It obviously tries to find your X-binaries. In the old days they were placed in /usr/X11 or /usr/X11R6

Now is not that the case. I got rid of the errors. So far (crossing fingers) it's been OK

[edit] LOL - Now this was an old thread (slash) error.  :Smile:  I don't know what dinosaurian complication I have stumbled up on BUT, for each login I make, that ## FATAL ERROR unknown XProjectRoot

shows up. I made the change in the xproject init-script and it went away. Anywhoo...It obviously (again) has to do with the xcb-library ?

----------

## TequilaTR

I have the same messages. - Also a very old always updated gentoo install.

Hm.. could it be, that this script somehow got forgotten?

Ich checked if it belongs to anyone:

equery belongs /etc/init.d/xprint

[ Searching for file(s) /etc/init.d/xprint in *... ]

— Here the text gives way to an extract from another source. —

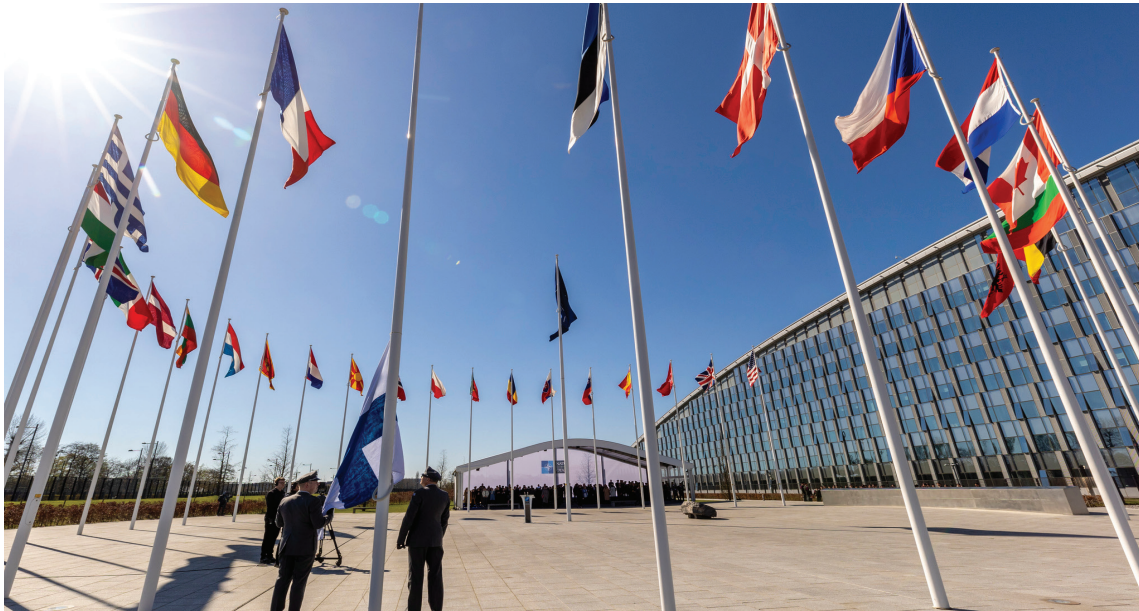
Finland accession ceremony to NATO, Brussels, Belgium.

gives nothing, checking with some other script:

equery belongs /etc/init.d/alsasound 

[ Searching for file(s) /etc/init.d/alsasound in *... ]

media-sound/alsa-utils-1.0.20-r5 (/etc/init.d/alsasound)

I do not have this script on my laptop, which also seems to 

work fine,

so i moved the script out of the init.d directory, let's see if anyone misses it... :D 

Cheers

----------

## Dammital

 *TequilaTR wrote:*   

> I have the same messages. - Also a very old always updated gentoo install.

 

Um, me too, with an /etc/init.d/xprint dating back to 2004.

----------

## SamuliSuominen

xprint has been removed from Portage about half an year ago entirely, it was part of X.org.

the files in /etc are not autocleaned...

----------

## TequilaTR

 *ssuominen wrote:*   

> xprint has been removed from Portage about half an year ago entirely, it was part of X.org.
> 
> the files in /etc are not autocleaned...

 

Hm, ok. That explains it.

However: The init.d scripts usually get updated by etc-update. Why didn't it also prompt to remove the xprint script?

----------

## tgnb

also had this problem and the /etc/init.d/xprint file from 2004

removing it solved my issue

----------

## spacejock

Same problem here - 2004 dated xprint script in /etc/init.d

Happy to see it's okay to delete. Zapping now... and it all seems to work.

Thanks Google and Gentoo Forums.

----------